Angelika Bischof-Delaloye is a former emeritus professor at the University Lausanne, Lausanne, Switzerland.

Career
During 1998–2009, Bischof-Delaloye was a full professor at the Nuclear Medicine Department at the University Lausanne, and the Department Head, of Nuclear Medicine, Center Hospital University Vaudois, in Lausanne.

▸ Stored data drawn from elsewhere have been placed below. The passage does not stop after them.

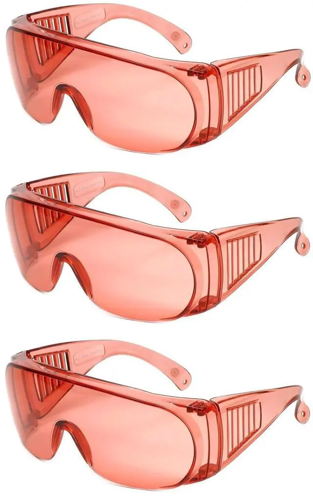 Outdoor Adaptability: These UV, fluorescent light and blue light blocking fit over glasses are versatile, suitable for both indoor and outdoor use. With the ability to function as UV eye protection safety glasses or as computer blue light blocking fit overs, they're ideal for those needing eyewear that fits over prescription glasses. Ideal for a variety of settings, from laboratories (as pink lab goggles chemistry) to everyday use (as blue light glasses for over glasses). ^^ Optimized for Light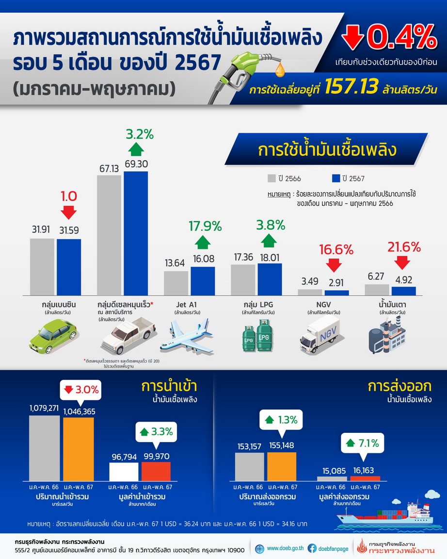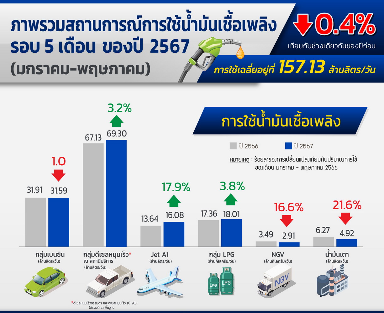สถานการณ์การใช้น้ำมันเชื้อเพลิงรอบ 5 เดือน ประจำปี 2567 (มกราคม – พฤษภาคม)
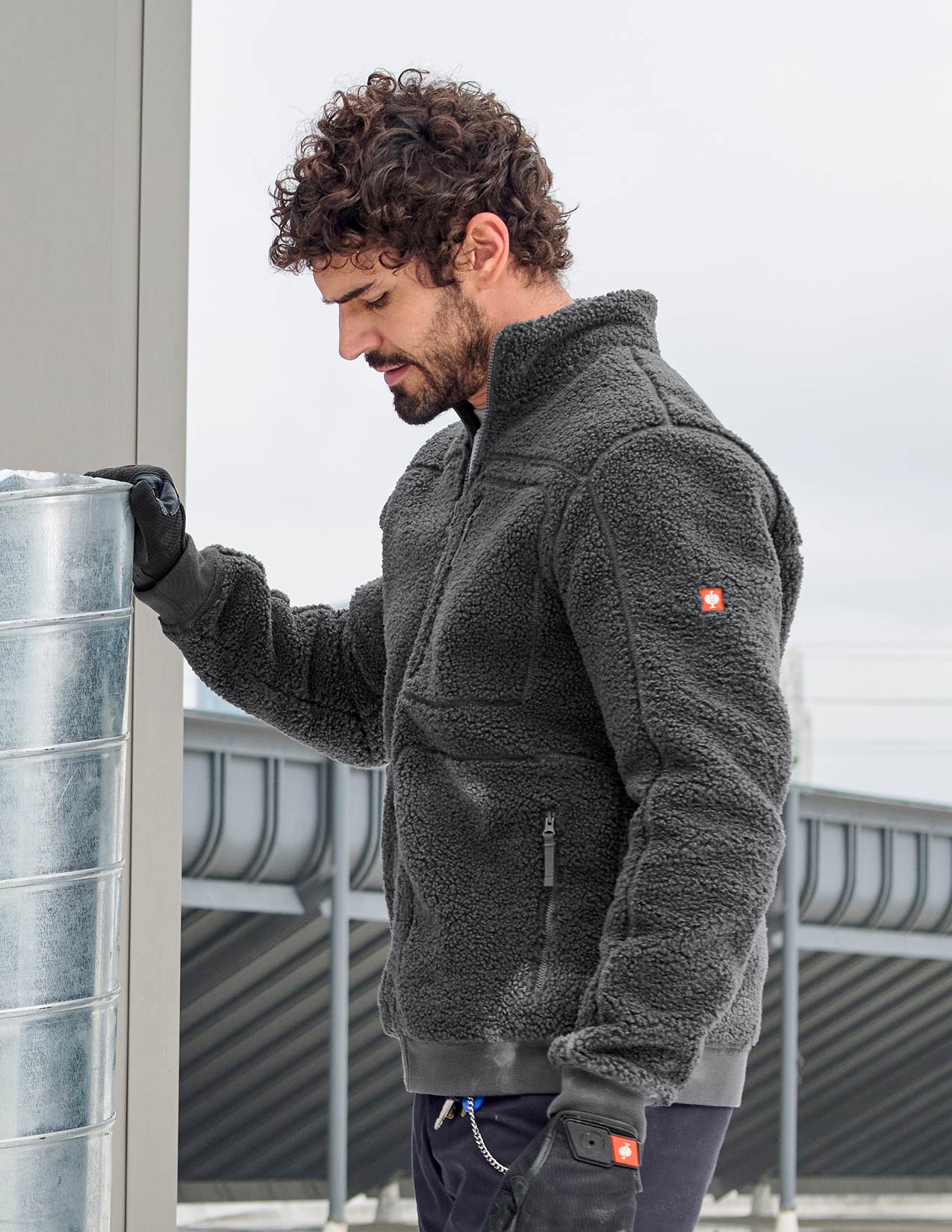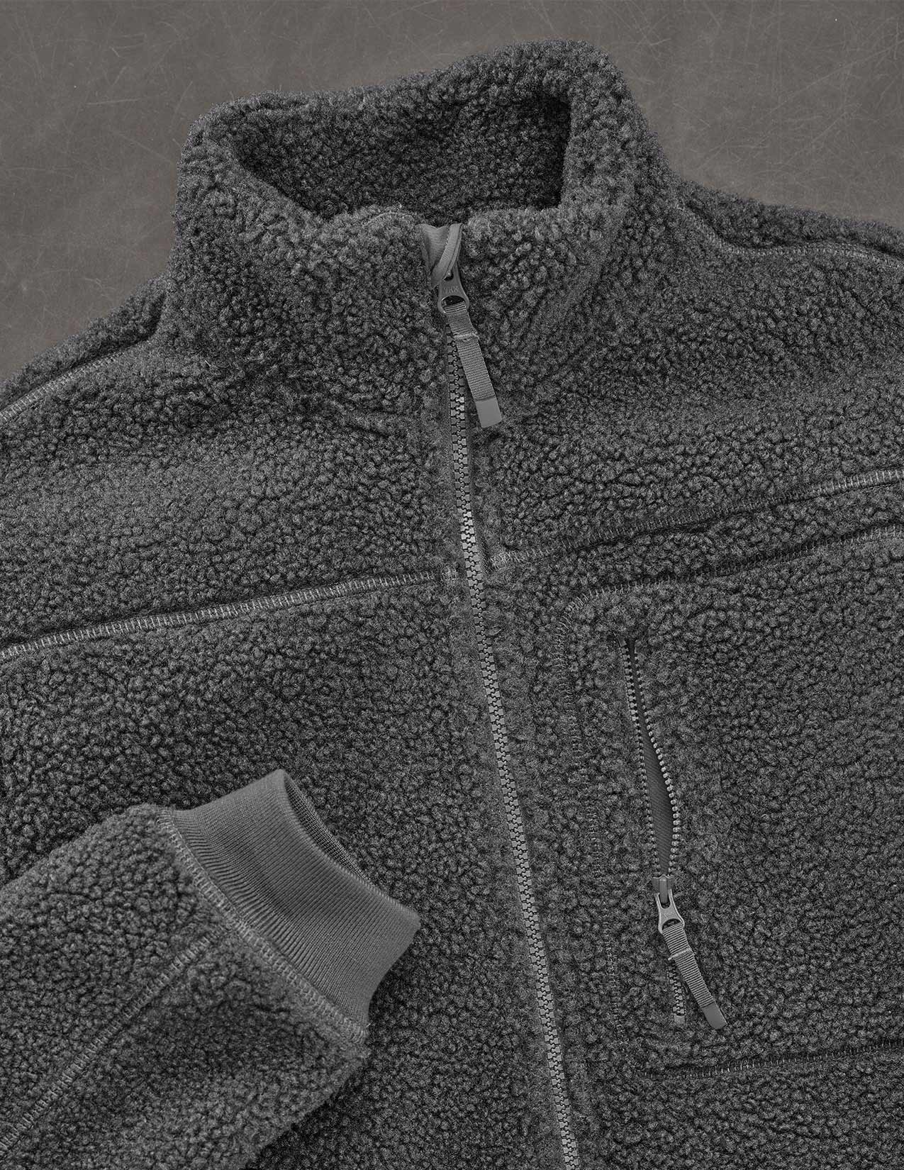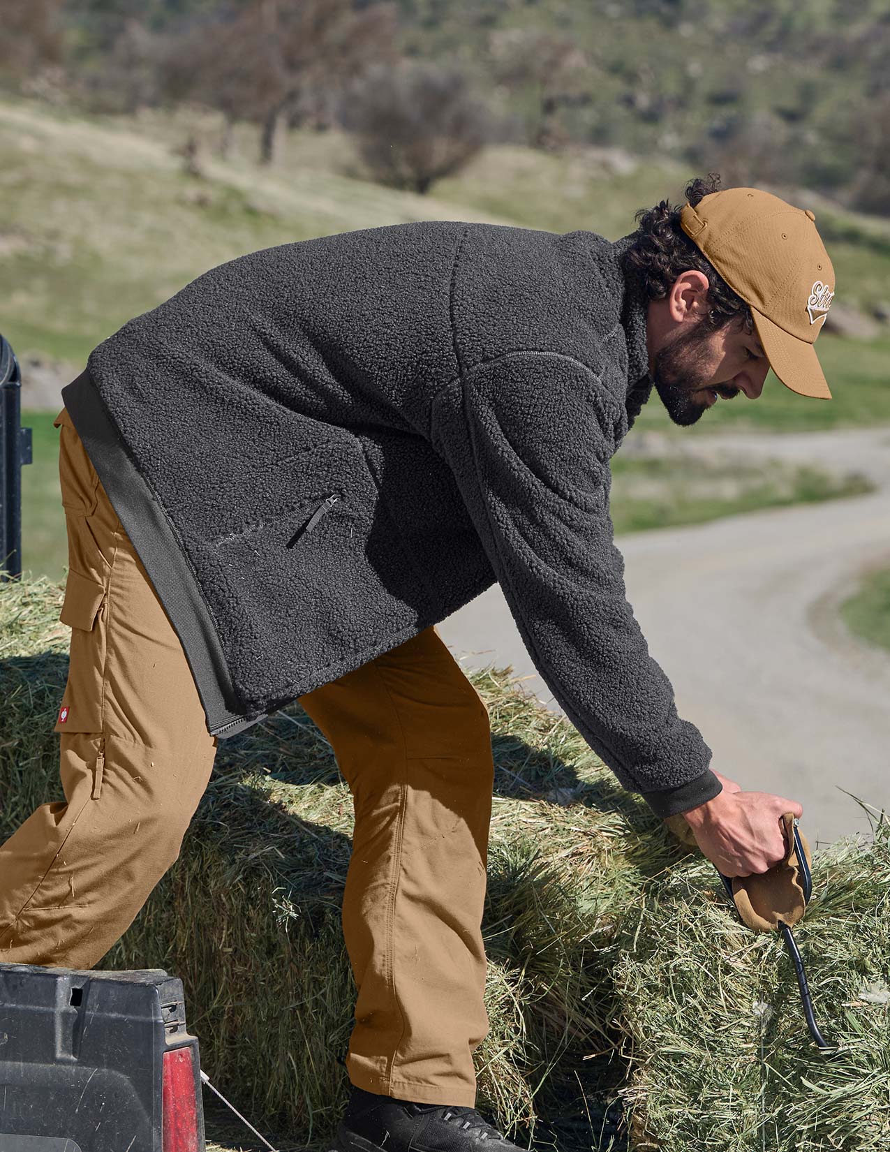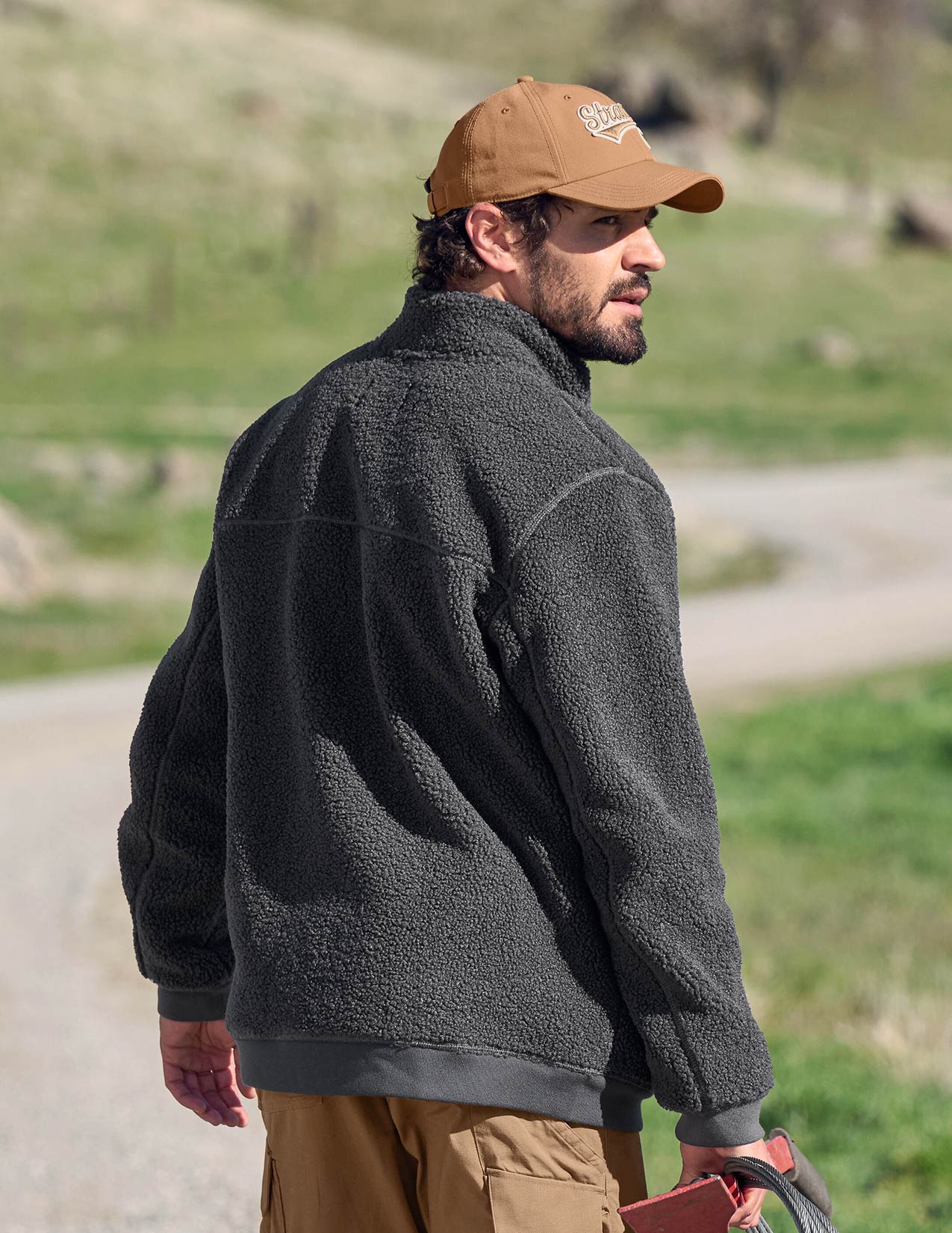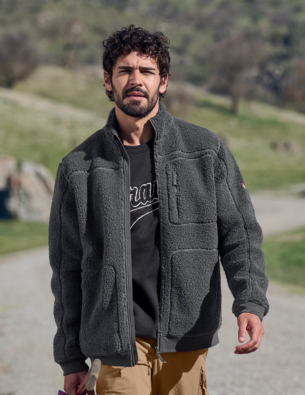 Warmth and work-ready utility combine in this Sherpa fleece jacket. The classic fluffy exterior combines with a warm fleece interior to handle chilly days. The relaxed, baggy fit allows you to layer up while wearing the jacket. Of course, details like decorate flatlock seams and smooth linings add a stylish touch.

She has served at the European Board of Nuclear Medicine during 2006. She wrote the editorial article in 2011 for European Journal of Nuclear Medicine and Molecular Imaging (EJNMMI) to introduce the open-access journal called European Journal of Nuclear Medicine and Molecular Imaging Research (EJNMMI Res) in the area of basic, translational and clinical research in nuclear medicine. She currently serves as the editor-in-chief of EJNMMI Res journal.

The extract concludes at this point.